It increasingly clear that this pandemic provides US airlines with a great opportunity to rationalize fleets that had grown organically based on the near ending demand growth. Older aircraft were retired after they were really old – especially at Delta. Fuel cost spikes caused American and United to refresh single-aisles, and Delta thought better to buy a refinery.  When oil prices dropped again, and to lower levels than before the spike, Delta had made the right bet.

But that was then.  We are in a whole new kind of world today.  The US fleet is far too big for the demand.  Airlines have retired a lot of aircraft – but has it been enough?  Some of the recently parked aircraft might be brought back into service. United says it won’t retire aircraft. For the airline industry, hope springs eternal.

Looking at the big four US airlines we have something interesting to share.  The information is based on data through July 20th. We expect jets to do more flying, but there are trends that catch the eye. From March we note rather broad swings in fleet deployment as airlines scrambled to find a sweet spot to optimize fleet to disappearing traffic.  It was an impossible task.

Starting American Airlines. Look at how many aircraft types the airline has in the table bottom left. Then look at how many of these aircraft are doing the fleet work.  The 737-800, A319, and have become much busier while relatively, the other models are doing less work.  

Next, Delta Air Lines. It seems clear that Delta needs to slim down its fleet – does it really need 16 types for domestic service? There appears to be much confusion in fleet deployment with one exception – the E175 shows up clearly as a solution to the turmoil.  Another highlight in the data is the A221, only 4% of the fleet but more active than that number implies. The A319 and A321 appear to be useful, but not so much the A320.  Delta has retired its MD fleet and its 757.  This helps, but with so many tools to deploy, it must be tough optimizing.
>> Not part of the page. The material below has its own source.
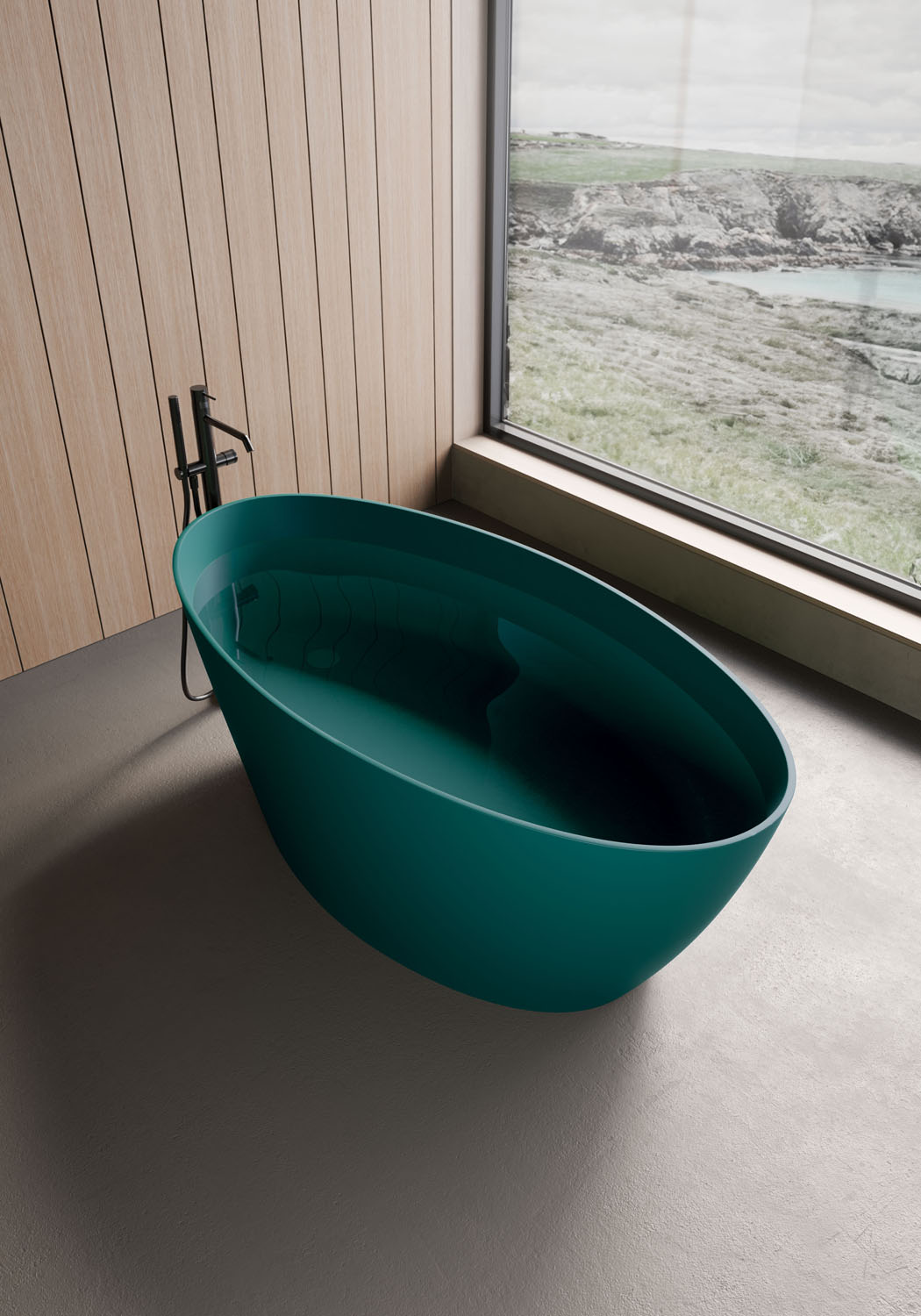 Le design unique de la baignoire à pose libre Lake s’inspire de la nature. La hauteur de cette baignoire significative (60 cm) est imposante et convient parfaitement aux pièces polyvalentes qui remplissent différentes fonctions, comme par exemple la zone nuit. Disponible en M-Solid dans la finition Bianco mat, avec la possibilité d’être colorée (extérieurement seulement ou aussi intérieurement) dans n’importe quelle couleur laquée mate des nuanciers Ideagroup, RAL ou NCS (sans trop plein, version disponible avec bonde de vidage up & down. Finition cache-bonde en teinte). Disponible aussi en M-Lux dans la finition Bianco brillant et finition de la bonde de vidage en Bianco brillant.

Next, we look at Southwest Airlines.  Fleet simplicity is the key to the airline’s success.  Ignore the MAX fleet which is inactive.  The list shows what the airline has in its MAX plans and has been been given a tail number.  Note that in April the 737-800s were deployed much more than before, but by July it seems the airline was bringing back more of its 737-700s.  Indeed when looking at other data, Southwest has been the most aggressive in rebuilding its schedule

Finally, here is the United Airlines data. Another airline with too many types it seems. However, we can clearly see the impact of the E175 – this airplane is a COVID winner.  At American, Delta, and United.  About one-third of United’s flights are using E175s.  United is making extensive use of regional jets overall. We also see the A319 doing better than might have been expected at all three airlines. The 737-800 and -900 are seeing much less activity at United than their fleet size suggests we might expect. 

In summary –

  • Among single-aisle mainline aircraft, the A319 accounts for 9% of the fleet but is doing than in flights. The 737-700 accounts for 15% of the fleet and is doing nearly double that in flights.
  • Among regional jets, the E175 accounts for 30% of the fleet and accounts for ~40% of flights.